Des échantillons de sérum ont été prélevés sur 20 personnes entièrement vaccinées quatre mois après l’administration de la troisième dose du vaccin BNT162b2 pour évaluer la neutralisation des pseudovirus à cycle unique Wuhan-Hu, Delta et Omicron à l’aide de tests de neutralisation. La neutralisation virale a été déterminée sur la base des lectures de l’activité de la luciférase des cellules transduites du rein embryonnaire humain (HEK) -ACE2, qui ont été utilisées pour calculer la concentration des titres inhibiteurs à 50 % (NT50) valeurs. Les dosages immuno-enzymatiques p24 (ELISA) ont été effectués pour assurer des charges virales égales.
SARS-CoV-2 Delta et Omicron ont été isolés de l’écouvillon nasopharyngé d’un individu positif au SARS-CoV-2 résidant en Israël. Le SRAS-CoV-2 a été cultivé dans des cellules VeroE6 (VeroE6/TMPRSS2) exprimant la sérine protéase transmembranaire 2 (TMPRSS2) et observé pour les effets cytopathiques (CPE). La dose infectieuse de culture tissulaire à 50 % (TCID50) a été évalué. Les séquences du génome entier des isolats viraux ont été confirmées par séquençage des nanopores.
Les cellules ont été transduites pour exprimer les protéines hACE2 et, par la suite, des expériences de fusion cellulaire ont été menées pour évaluer la formation de syncytia dans les cellules qui exprimaient les protéines S des pseudovirus Wuhan-Hu, Delta, Omicron et BA.2 S en fonction de leur protéine fluorescente verte (GFP) et expression de DAPI (4′,6-diamidino-2-phénylindole), comme indicateur de fusogénicité. L’évaluation était basée sur l’examen des images de fusion cellulaire des cellules exprimant GFP1‐10 et GFP11 à l’aide de l’algorithme de marquage d’image Scikit.
La capacité de Wuhan-Hu, Omicron et Delta à induire la formation de syncytia et la fusion cellulaire a également été évaluée à l’aide d’essais de formation de plaques utilisant des virus vivants pour évaluer les plaques formées par les souches Wuhan-Hu, Delta, Omicron et BA.2.
Les résultats ont été analysés statistiquement à l’aide du test t de l’étudiant et des graphiques ont été obtenus à l’aide des bibliothèques d’images seaborn, matplotlib, numpy et pandas et du prisme GraphPad.
Résultats
Dans cette étude, Omicron a démontré une infectiosité accrue, cinq fois plus élevée que la souche Wuhan-Hu, avec une diminution remarquable de 26 fois de la sensibilité à la neutralisation induite par le vaccin BNT162b2, avec une diminution relative de 13 fois par rapport à Delta. De plus, alors que les pseudovirus avec les protéines S de la souche Wuhan-Hu (P681), la variante Omicron (H681) et la sous-variante Omicron BA.2 (H681) favorisaient modestement la formation de syncytia et la fusion cellulaire, Delta S (P681R) a démontré une fusogénicité accrue et une capacité améliorée pour former des syncytia.

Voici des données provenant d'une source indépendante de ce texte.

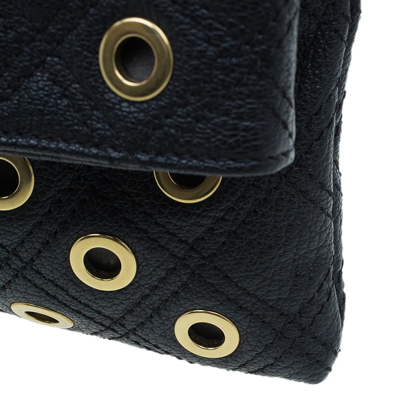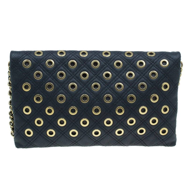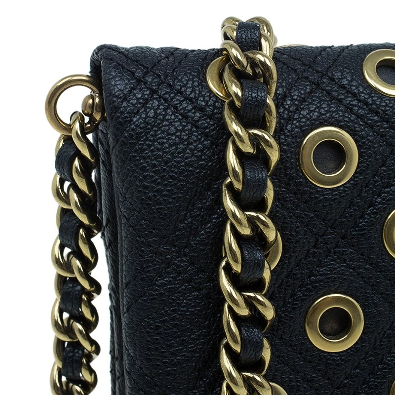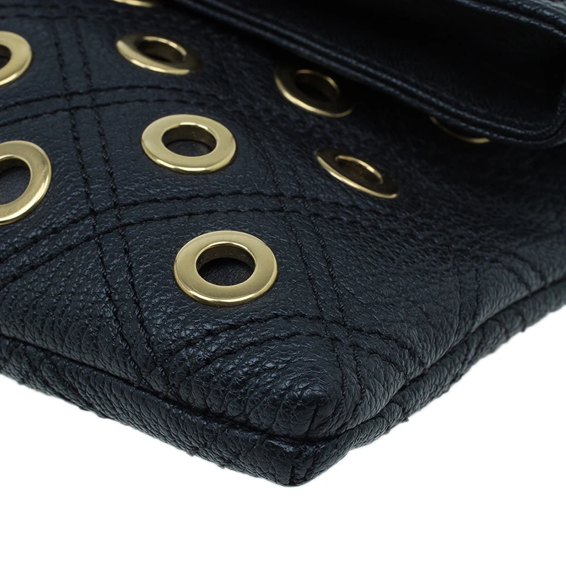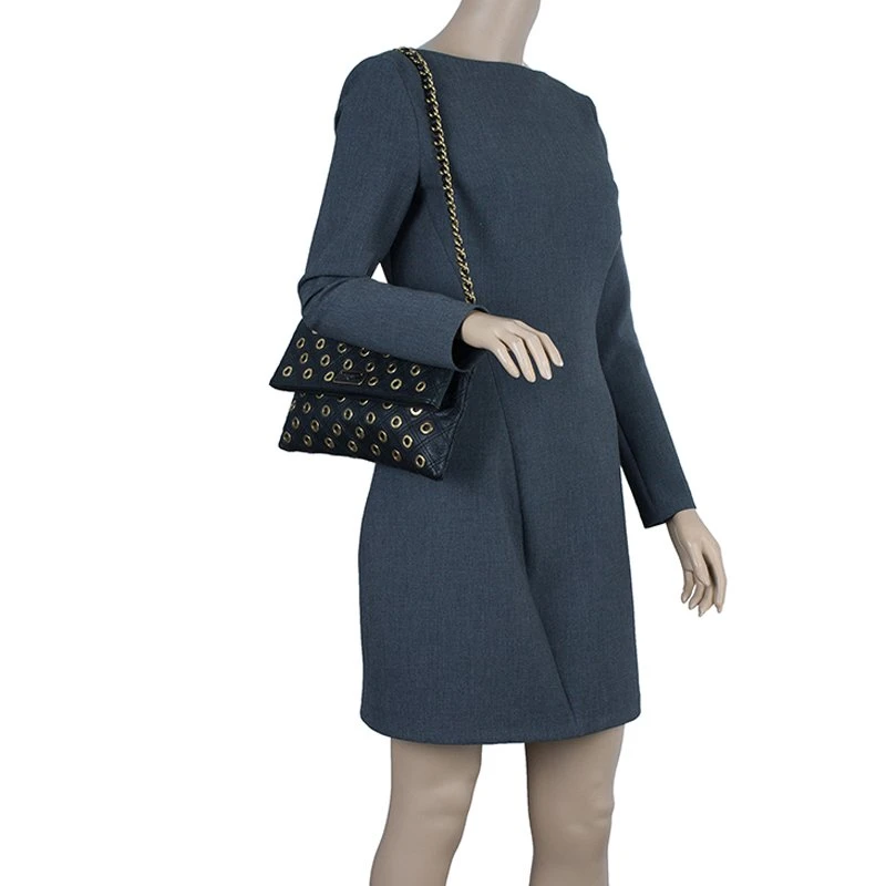 A little fun fused with elegance, this exquisite Marc Jacob’s Sandy shoulder bag is crafted from black leather. The exterior features leather woven chain removable strap and eyelets in gold tone detailing. The fold flap snap closure opens to a nylon lined interior housing two compartments and a zipped pocket.

Dans les tests de plaque de virus vivants, l’Omicron et le Wuhan-Hu ont formé des plaques de morphologie similaire alors que les plaques formées par Delta étaient plus nombreuses mais plus petites avec moins d’unification. L’introduction d’une mutation P681R dans Wuhan-Hu S ou H681R dans Omicron S a restauré la fusogénicité à des niveaux comparables à celui de Delta S, et inversement, la mutation R681P dans Delta S a significativement diminué la fusogénicité.
Dans l’ensemble, les résultats de l’étude ont mis en évidence le déclin de l’efficacité du vaccin BNT162b2 avec l’incapacité de neutraliser la variante Omicron et l’importance de la position polybasique P681 dans le SARS-CoV-2 S FCS pour dicter la formation de syncytia et la fusogénicité des souches de SARS-CoV-2 .
*Avis important
bioRxiv publie des rapports scientifiques préliminaires qui ne sont pas évalués par des pairs et ne doivent donc pas être considérés comme concluants, guider la pratique clinique/les comportements liés à la santé, ou traités comme des informations établies.